On Tuesday, Obama made his first public comment on the leaks. The President spoke at the Rose Garden after a meeting with congressional leaders to discuss the war funding.
PRESIDENT BARACK OBAMA: I also urged the House leaders to pass the necessary funding to support our efforts in Afghanistan and Pakistan. I know much has been written about this in recent days as a result of the substantial leak of documents from Afghanistan covering a period from 2004 to 2009. While I’m concerned about the disclosure of sensitive information from the battlefield that could potentially jeopardize individuals or operations, the fact is these documents don’t reveal any issues that haven’t already informed our public debate on Afghanistan. Indeed, they point to the same challenges that led me to conduct an extensive review of our policy last fall.
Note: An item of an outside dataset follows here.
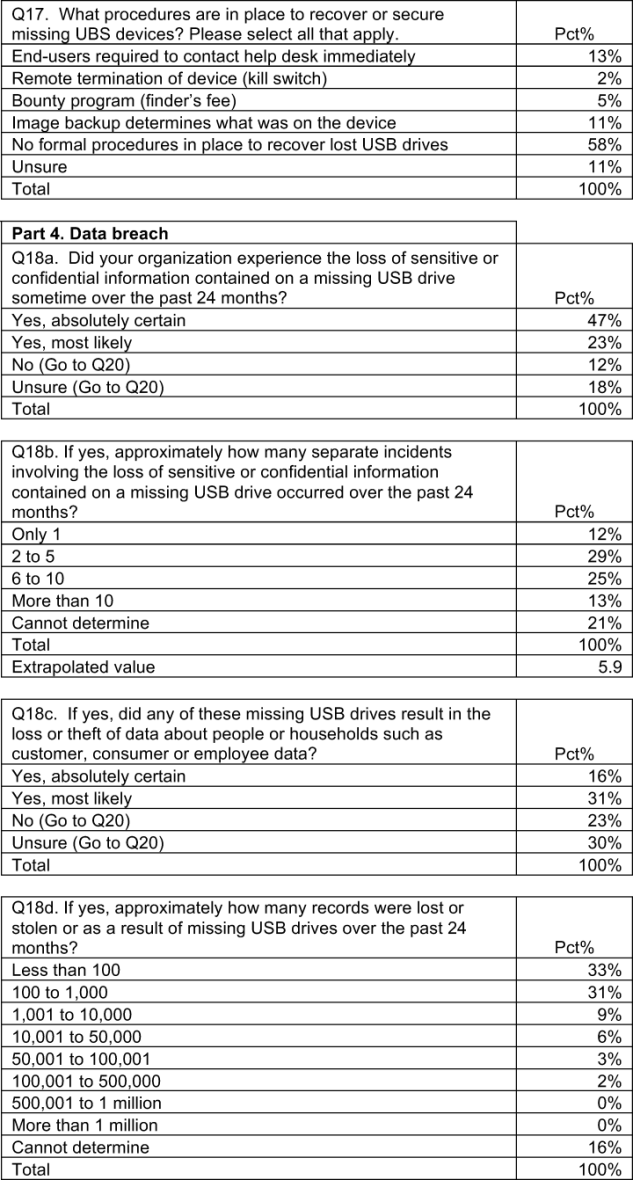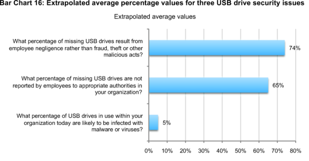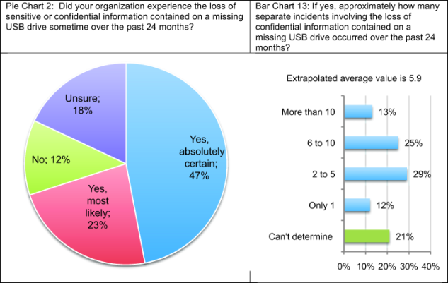 Our goal in presenting this research is to show that USBs may look insignificant but the consequences of a data breach from a lost or stolen device can be huge. More than 70 percent of respondents in this study say they are absolutely certain or believe it was most likely that their organizations experienced a data breach as the result of sensitive or confidential information contained on a missing USB drive. On average, organizations in our study have lost more than 12,000 records about customers, consumers and employees contained on USB drives. Based on Ponemon Institute’s 2010 Annual Cost of a Data Breach, the financial consequences of losing 12,000 records can cost an organization as much as $2.6 million.

So let me underscore what I’ve said many times: for seven years, we failed to implement a strategy adequate to the challenge in this region, the region from which the 9/11 attacks were waged and other attacks against the United States and our friends and allies have been planned. That’s why we’ve substantially increased our commitment there, insisted upon greater accountability from our partners in Afghanistan and Pakistan, developed a new strategy that can work, and put in place a team, including one of our finest generals, to execute that plan. Now we have to see that strategy through.
And as I told the leaders, I hope the House will act today to join the Senate, which voted unanimously in favor of this funding, to ensure that our troops have the resources they need and that we’re able to do what’s necessary for our national security.
AMY GOODMAN: Meanwhile on Capitol Hill, the man President Obama tapped to head US Central Command and oversee the wars in Iraq and Afghanistan also denounced the leaks. General James Mattis was nominated to replace General David Petraeus. At his confirmation hearing before the Senate Armed Services Committee, General Mattis was questioned by Arizona Republican John McCain.
SEN. JOHN McCAIN: What effect does this publication of these top-secret communications—what effect does that have on the degree of candor that military officers and senior NCOs in the field, who are doing their best to report, the best of their ability, what effect does this have on them?
GEN. JAMES MATTIS: Sir, I would speculate that due to the urgency of the operations in a combat zone, it probably won’t have much, because at the moment they’re actually reporting, they’re probably more eager to get the truth up the chain of command. That said, I just thought it was a—just an appallingly irresponsible act to release this information. It didn’t tell us anything, that I’ve seen so far, that we weren’t already aware of. I’ve seen no big revelations. One of the newspaper headlines was that it’s a—the war is a tense and dangerous thing. Well, if that is news, I don’t know who it’s news to that’s on this planet.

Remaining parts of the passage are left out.